Activists from the Safer Sex Spaces Coalition have led the charge. They argue the 1988 ban, which targeted “high-risk sexual conduct” such as fellatio, anal intercourse, and vaginal intercourse in commercial settings, is outdated and stigmatizing.
“The Minneapolis Health Department and other public health organizations acknowledge this ordinance is no longer the tool needed to promote public health, “the coalition stated adding “Social science research tells us that commercial sex spaces, like gay saunas, are important for promoting safer sex practices, enhancing HIV prevention, and increasing access to testing and treatment. These spaces also enhance feelings of identity, camaraderie, authenticity, and belonging. They are spaces where people overcome isolation and develop a sense of community and pride.”
Creating a monkeypox epidemic wouldn’t be my first choice to distract attention from Minneapolis’s rampant fraud problem, but it just might work. pic.twitter.com/IbtZIKqjAK
— Thousands of Tiny Tyrants (@Tiny_Tyrants) April 8, 2026
Council Member Jason Chavez supported referring the measures, saying: “LGBTQIA+ gathering spaces, including bathhouses, have long been targeted by criminalization and policing, and our communities have paid a devastating price for that. That’s why we’re referring this to staff to begin building policy alongside community members and stakeholders.”
Council President Elliott Payne noted that such activities “already happen in the shadows, and we are trying to ensure that they are safe for patrons, especially when LGBTQ+ individuals are under attack by the federal government.” He pointed to potential regulations modeled on San Francisco, including condom availability and staff training on harm reduction.
A spokesperson for Mayor Jacob Frey indicated the mayor supports continued exploration of the issue.
Hardly surprising given that all he does is pander to Somalis.
The original 1988 ban drew backing even from within the LGBTQ+ community at the time, including the city’s first openly gay council member, Brian Coyle, who backed the measure before his death from AIDS-related complications in 1991. Activists now claim the rules disproportionately harmed same-sex partnerships and people with HIV/AIDS while driving gatherings into unsafe private spaces.
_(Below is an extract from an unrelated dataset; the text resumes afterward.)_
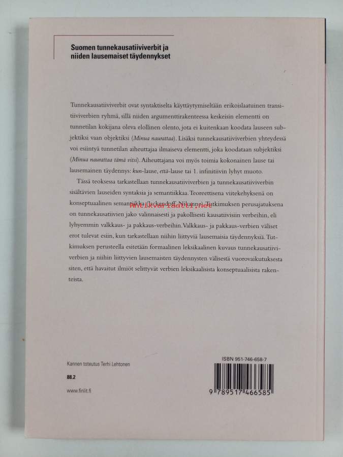 Merkinnät: omistajamerkintä (leima)Sarja: Suomalaisen Kirjallisuuden Seuran toimituksia 1009Asiasanat: suomen kieli, semantiikka, verbit, lauseoppi
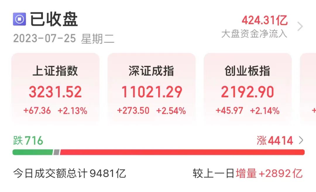 重大利好之下今天A股市场全线飙升,上证指数大涨超2%,重回3200点大关,创业板指涨幅也接近2%。板块方面,大金融大消费集体大涨,房地产、非银金融两大行业均涨超5%;建筑材料、家用电器、食品饮料、汽车等板块均大涨超3%。

Recent coverage confirms the council delayed full debate on the ordinances this week but remains committed to directing staff research.
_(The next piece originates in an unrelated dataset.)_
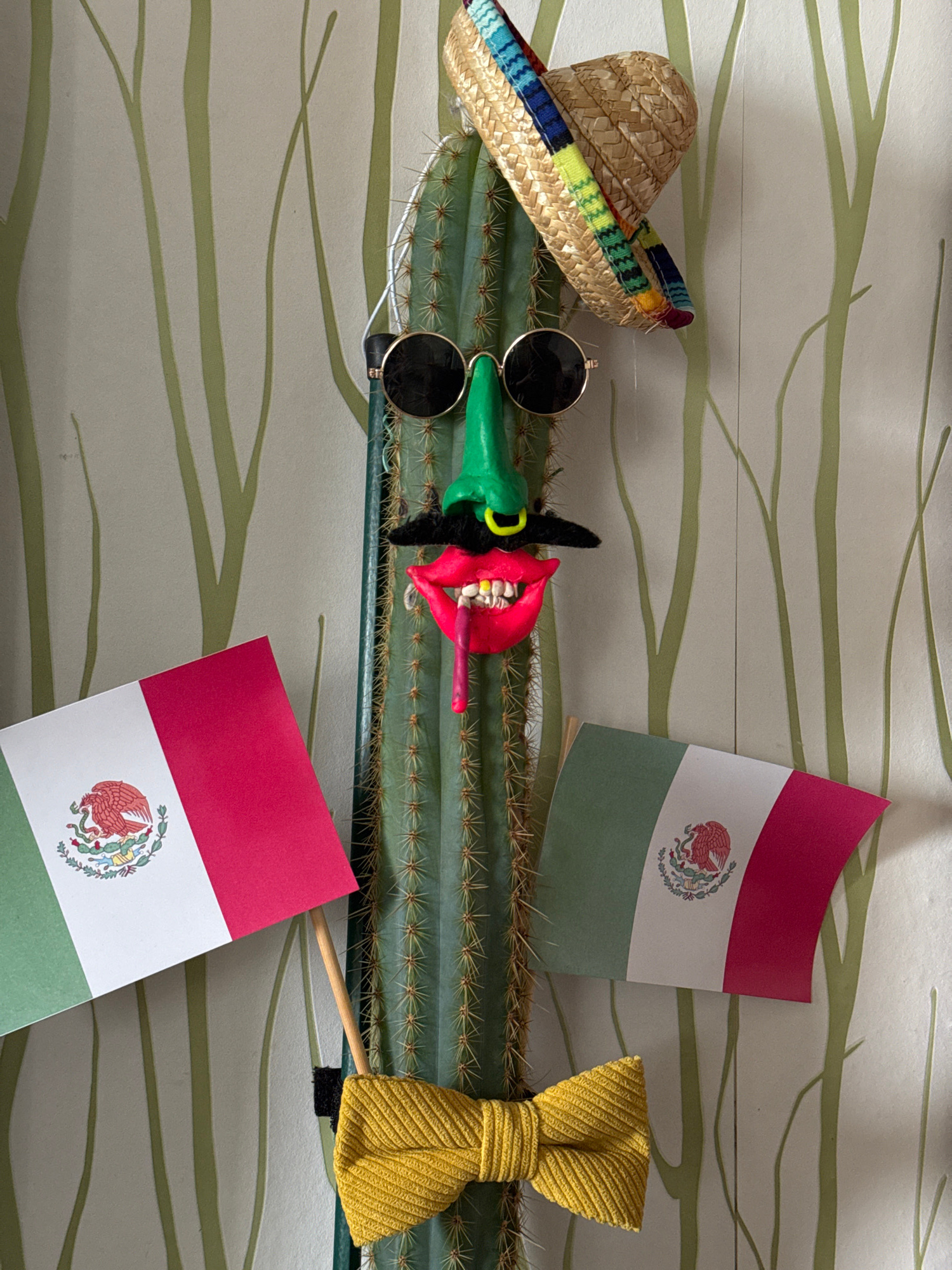 A cactus lies across a surface decorated with pale gray and light green stripes, resembling plant stems. Atop the cactus, from left to right, are a small straw sombrero with a colorful band, round sun…read more

Tim Walz entering the bathhouse pic.twitter.com/AlMnwP8PHK
— GoshuAAAA (@Skipper1913) April 8, 2026
Critics view the effort as emblematic of misplaced priorities. While neighborhoods struggle with the social and economic fallout of rapid demographic change—including documented fraud schemes and parallel economies—the focus shifts to licensing orgy venues and updating “stigmatizing language” in city code.
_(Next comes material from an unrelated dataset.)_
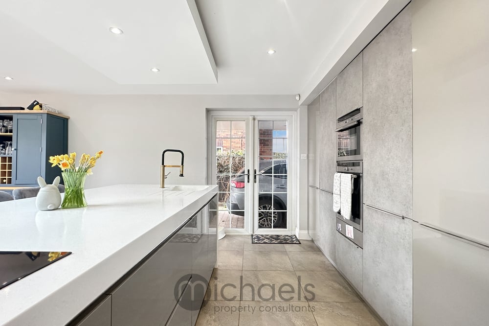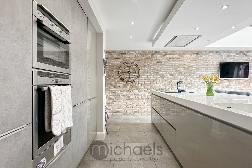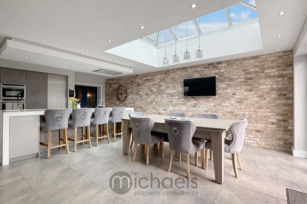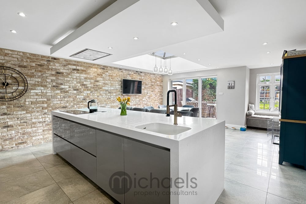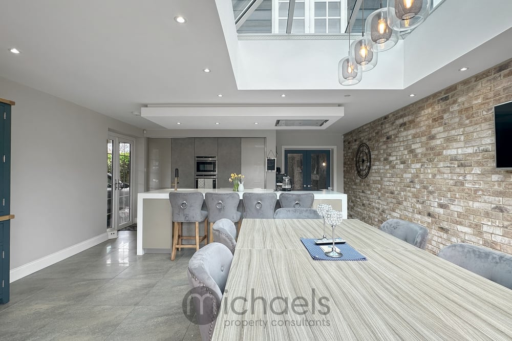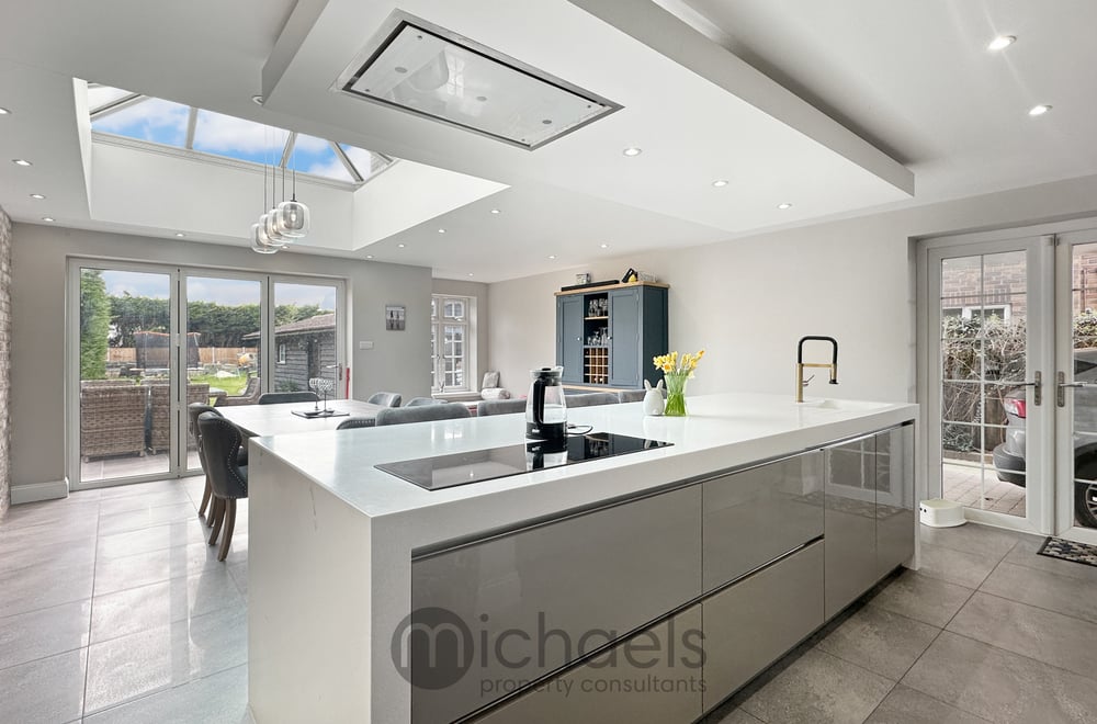 27' 0" x 17' 5" (8.23m x 5.31m) Full range of high specification units, cupboards and work surfaces, island comprising of induction hob and ceiling extractor, spot lighting, tiled flooring, inset appliances such as dishwasher, microwave and fridge/freezer, French doors to side, skylight lantern window, bi folding doors to rear aspect.

Minneapolis—often called “Little Mogadishu”—has faced repeated exposure for hundreds of millions in Somali cash smuggling operations routed through Minneapolis-St. Paul International Airport, in addition to an explosion of Somali related fraud scandals.
TSA whistleblowers who highlighted these schemes faced pushback, including accusations of racism and Islamophobia from figures tied to the Walz administration aimed at silencing concerns over Somali fraud.
Legalizing commercial sex spaces in a city already wrestling with smuggling networks and identity politics does not signal enlightened governance. It signals a leadership class more attuned to activist coalitions than to restoring order and cohesion.
Voters across the heartland have grown weary of cities that import unassimilated populations and then contort public policy around every resulting demand.
Minneapolis offers a cautionary tale of where such approaches lead—public health debates recycled from the 1980s, now layered atop deeper failures in border security and cultural integration.